Top 10 Immune Boosting Foods
To get you started, here are our top 10 foods to help elevate your immunity to superhero status!
1. Green Tea
Warm up with a cup of antioxidant rich green tea to boost your number of disease fighting T cells. Sipping on tea is also an excellent way to stay hydrated, which enhances digestive function and helps flush toxins from your digestive system.
2. Avocado, Nuts & Seeds
Not only are these foods a terrific source of healthy fats that contain natural anti-inflammatory properties, they also provide a superior source of vitamin E which is essential for anti-viral defense mechanisms.
3. Prebiotic Rich Foods
70% of the immune system can be found within the gut, so it certainly pays to support good gut health. Prebiotics such as resistant starch act as fuel for healthy gut bacteria and in turn help support immune function. Foods to eat – chickpeas, bananas, barley and cooked, then cooled boiled potatoes.
4. Kiwi Fruit
Second only to guava in vitamin C content, one single kiwi provides 100% of your vitamin C needs – a powerful vitamin that can reduce the length of the common cold. Delicious on their own or used as muesli or yoghurt topper, kiwi fruit will help your immune defenses become a mighty force to be reckoned with.

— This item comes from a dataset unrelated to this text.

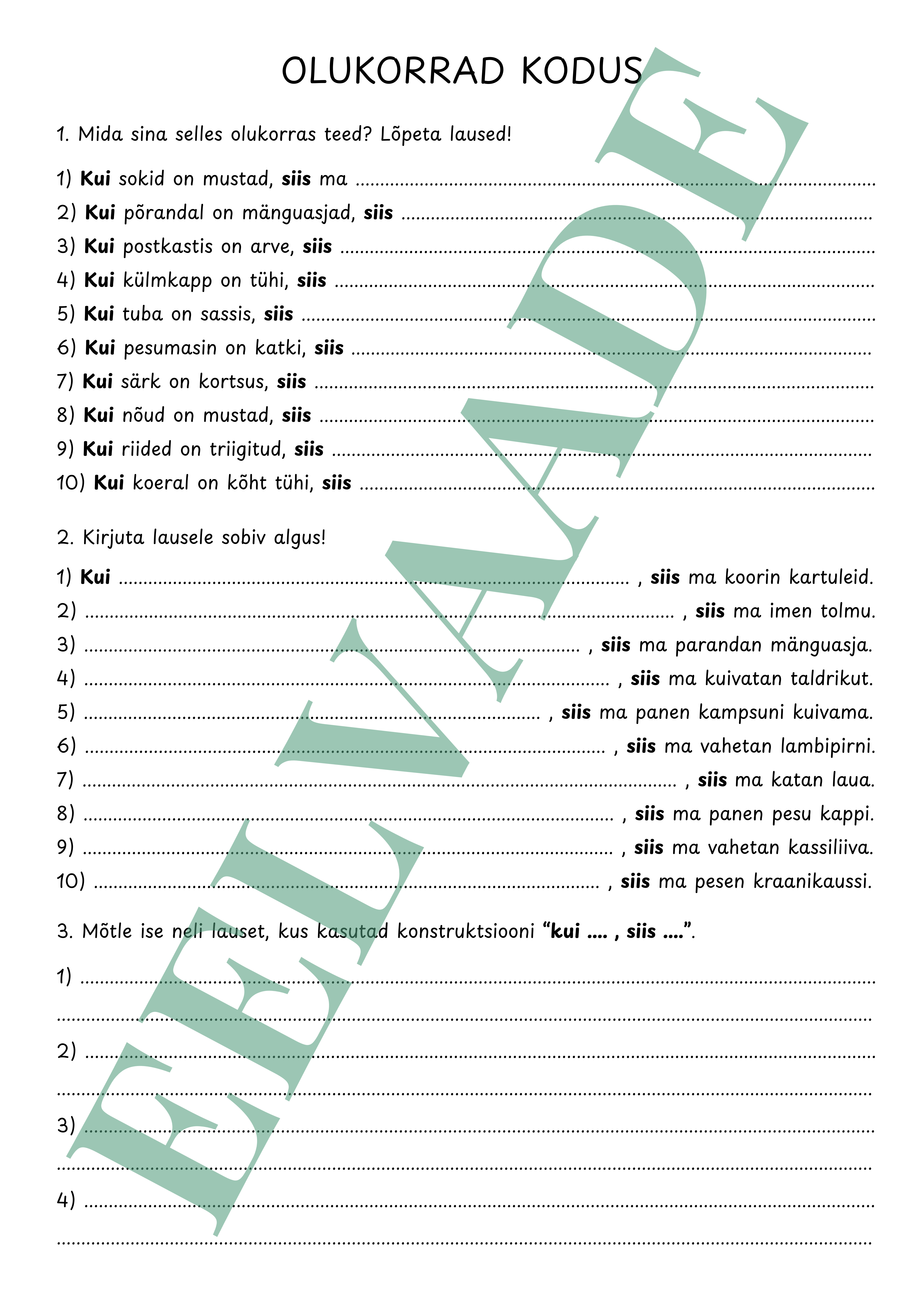 – Harjutada konstruktsiooni “kui … , siis ….”
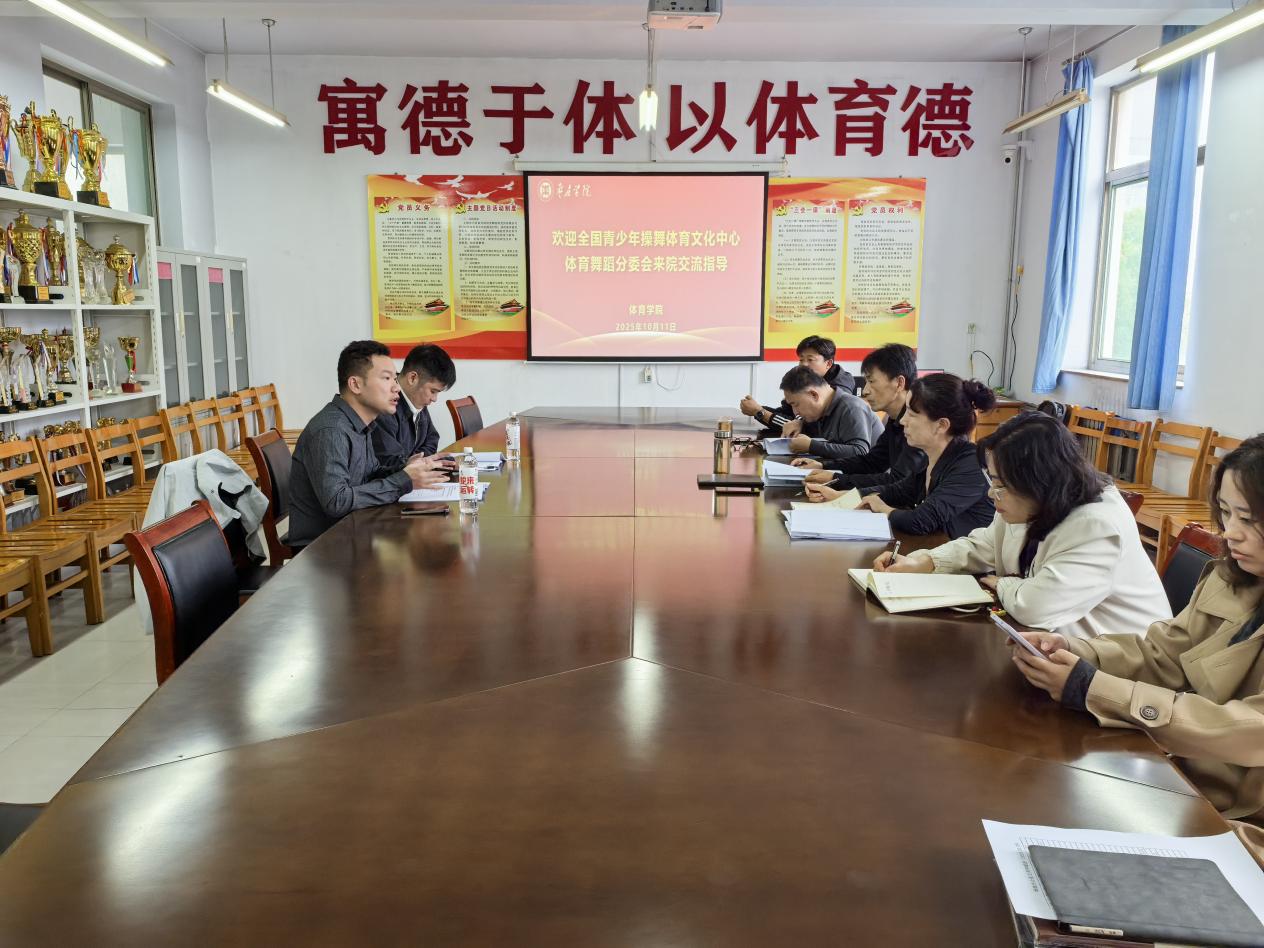 10月11日下午,全国青少年操舞体育文化中心体育舞蹈分委会、山东省演出行业协会国标舞委员会秘书长邢政、副主任欧懿来2007so太阳集团座谈交流。学院党政领导及体育艺术教研室相关教师参加了座谈。

The anti-bacterial properties of allicin have earned garlic the nickname of ‘nature’s penicillin’. While garlic certainly puts up a good fight against the common cold, science is yet to prove its affect on vampires – best to hold onto your silver bullets!
6. Natural Yoghurt
Rally the germ fighting troops with natural yoghurt. Teaming with probiotics (healthy bacteria), natural yoghurt will help you kick the dreaded lurgy, so you don’t become another cold and flu statistic!
7. Lean Red Meat
Protein rich foods, such as lean red meat contain impressive amounts of iron and zinc – two powerful infection-fighting minerals. If you’re inclined, enjoy a couple of palm-sized amounts of red meat each week to strengthen immune function. Tip: eat your meat alongside vitamin C rich foods such as capsicum, tomato and citrus to enhance iron absorption.
8. Chicken Soup
Grandma was right! Research has found that carnosine, a compound found in chicken soup can help during the early stages of a cold or flu by having an anti-inflammatory effect. Soup is also great for rehydration and can even help clear a blocked nose!
Why are we more likely to catch ‘the flu’ in winter? One theory suggests that with reduced sunlight exposure we can become deficient in vitamin D – an important nutrient involved in immune cell production. So, as you don the layers this winter, tuck into some delicious salmon for a food boost of vitamin D.
Jam-packed with beta-carotene, the precursor to vitamin A, carrots help bolster immune function. Cooked carrots actually contain greater amounts of beta-carotene, so throw some in a roasting tray to work some cold-fighting magic.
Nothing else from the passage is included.